[PATCH] D105167: [analyzer] Fix HTML report deduplication.

Artem Dergachev via Phabricator via cfe-commits Tue, 29 Jun 2021 20:09:49 -0700

NoQ created this revision.
NoQ added reviewers: vsavchenko, xazax.hun, Szelethus, ASDenysPetrov.
Herald added subscribers: manas, steakhal, martong, dkrupp, donat.nagy, 
arphaman, mikhail.ramalho, a.sidorin, rnkovacs, szepet, baloghadamsoftware.
NoQ requested review of this revision.


Folks, I deleted some code.

Some of it was... Perl code.

Not sure if anybody noticed but scan-build didn't deduplicate reports 
correctly. Its algorithm was extremely primitive (basically it hashed each html 
file and deleted files with duplicate hash). This obviously didn't work with 
cross-file reports (i.e., bug path starts in the main file but ends in a 
header) which we intended to deduplicate by the end-of-path location, because 
the main file name is included in the report and therefore affects md5. D42269 
<https://reviews.llvm.org/D42269> doesn't help either. Long story short, it 
didn't honor the modern advancements in `IssueHash` at all.

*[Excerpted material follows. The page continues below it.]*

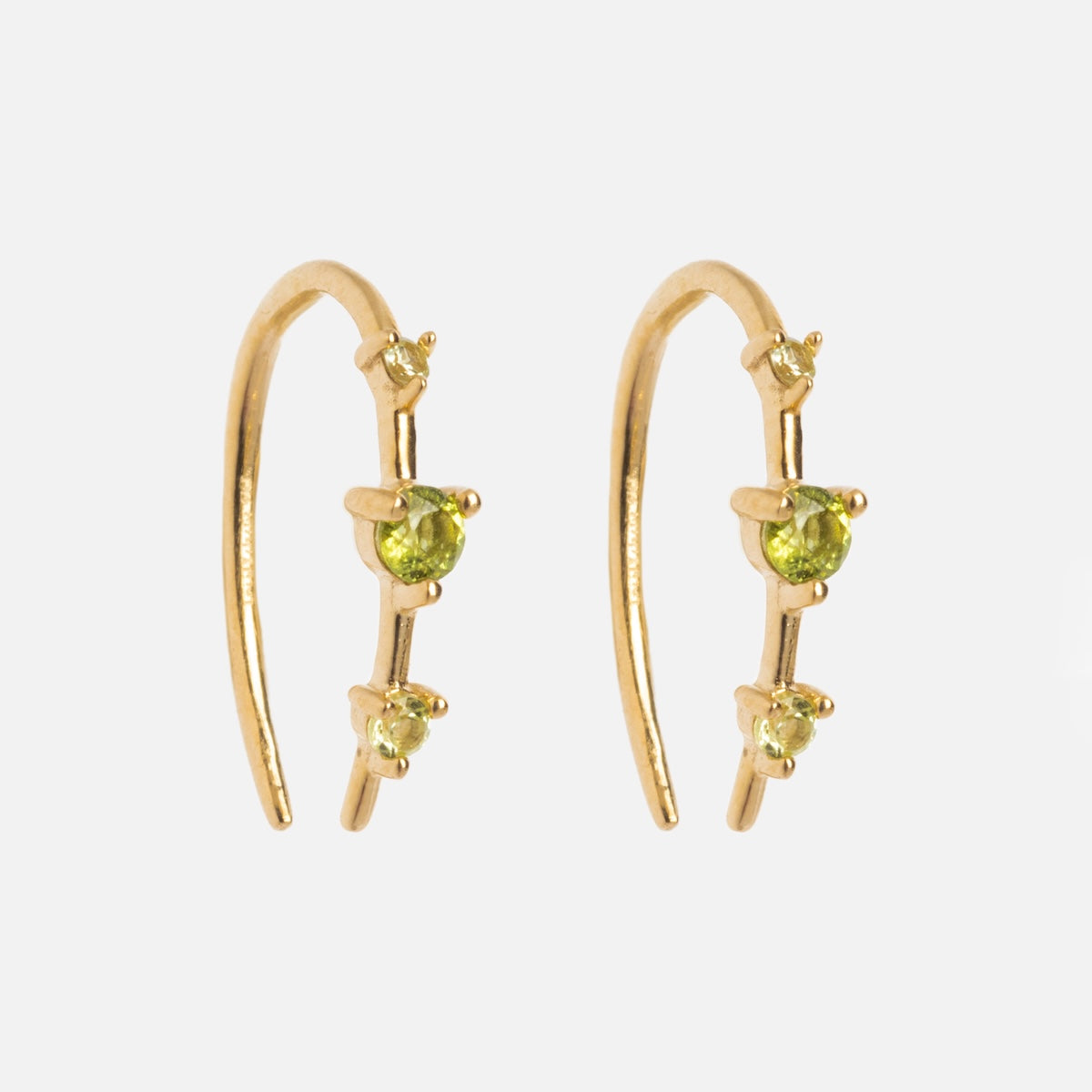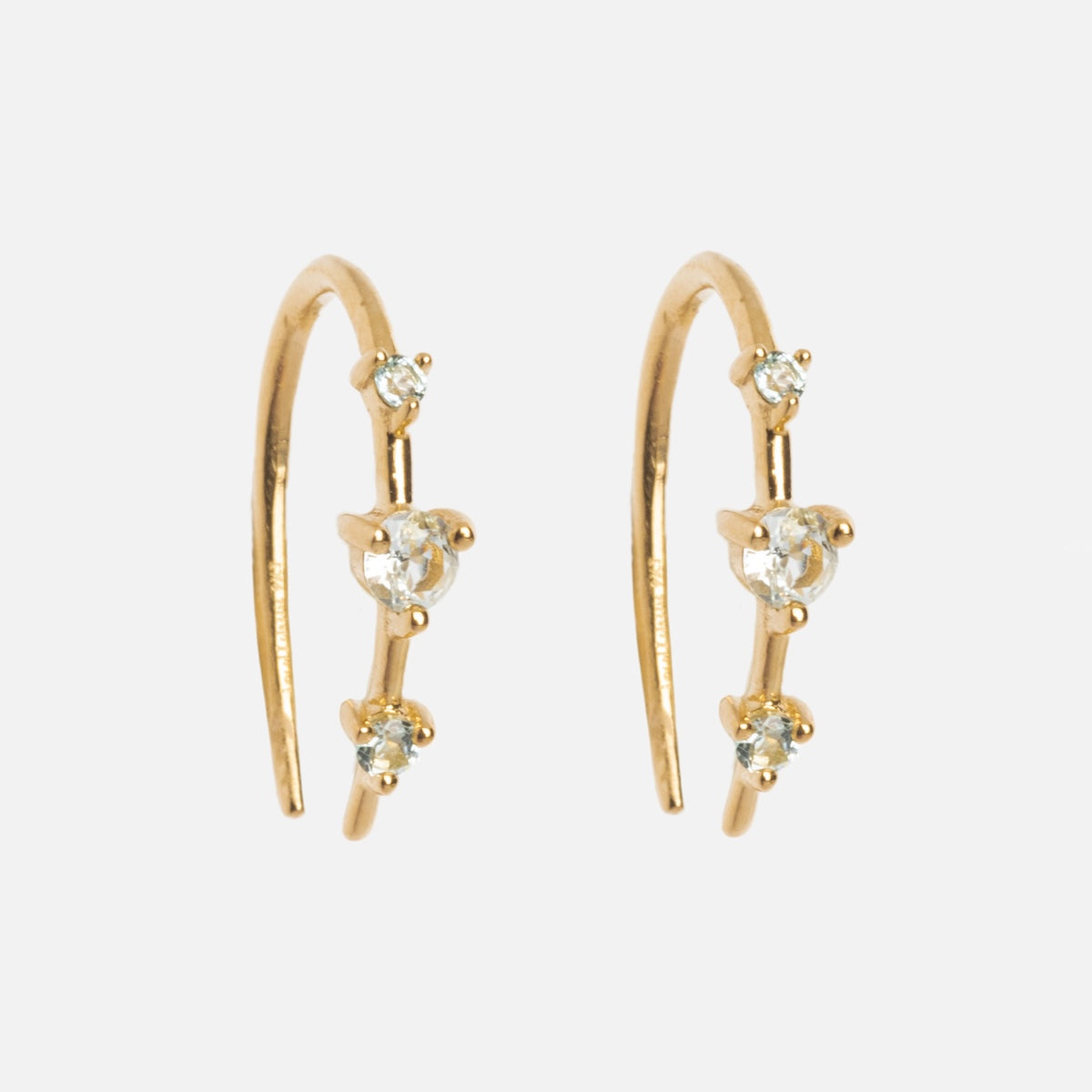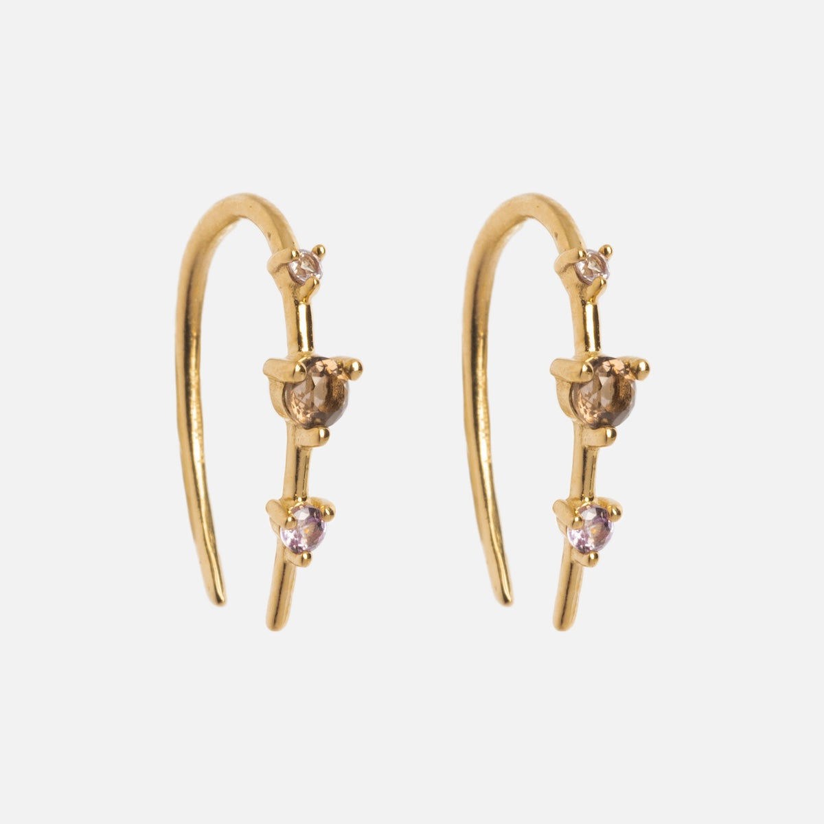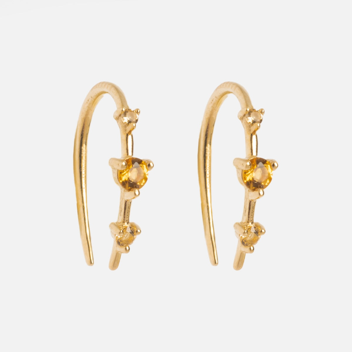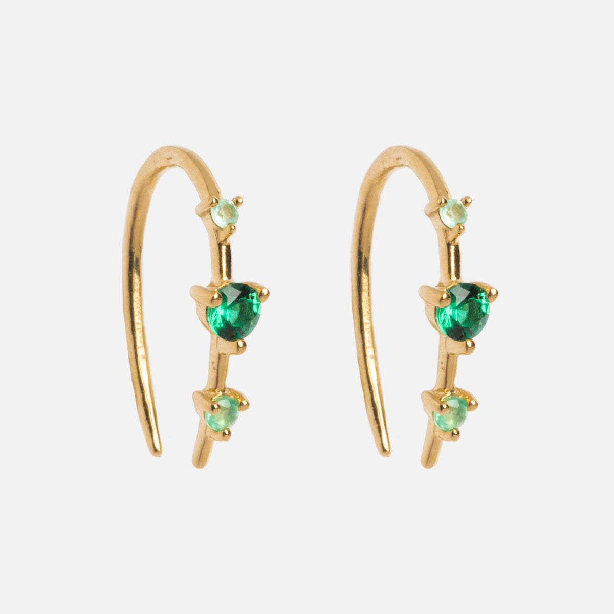 Subtle adornment with major sparkle - the Solid Gold Ombre Birthstone Ear Huggers are a delicate but vividly colorful way to adorn your ears and commemorate your or someone special's birth month. Crafted in solid yellow gold. these super chic huggers feature an elegant three stone design.

I could make scan-build read the issue hash but I think my solution is even 
more elegant so hear me out. I put the issue hash into the report filename 
instead, replacing the random section. When clang tries to emit a duplicate 
report, it'll simply fail because the file with that name is already present. 
Moreover, as per tradition, I reduce the issue hash to the first 6 characters, 
so bug report filenames look exactly like before (`report-123abc.html`), except 
now they're automatically stable and deterministic! Such truncation is, of 
course, entirely cosmetic and absolutely unnecessary but I think it's pretty 
cool.

The flag `-analyzer-config stable-report-filename=true` now becomes redundant 
because reports are stable anyway (in fact, they weren't actually stable before 
the patch even with the flag, because they depended on the race between clang 
invocations to emit the reports; I changed it to include a snippet of the issue 
hash as well instead of the race-y index). That said, I'm conflicted about 
removing the flag entirely because it also produces more verbose/readable 
filenames that people seem to enjoy. I think we should enable it by default 
instead, as soon as we make sure it doesn't produce extremely long filenames.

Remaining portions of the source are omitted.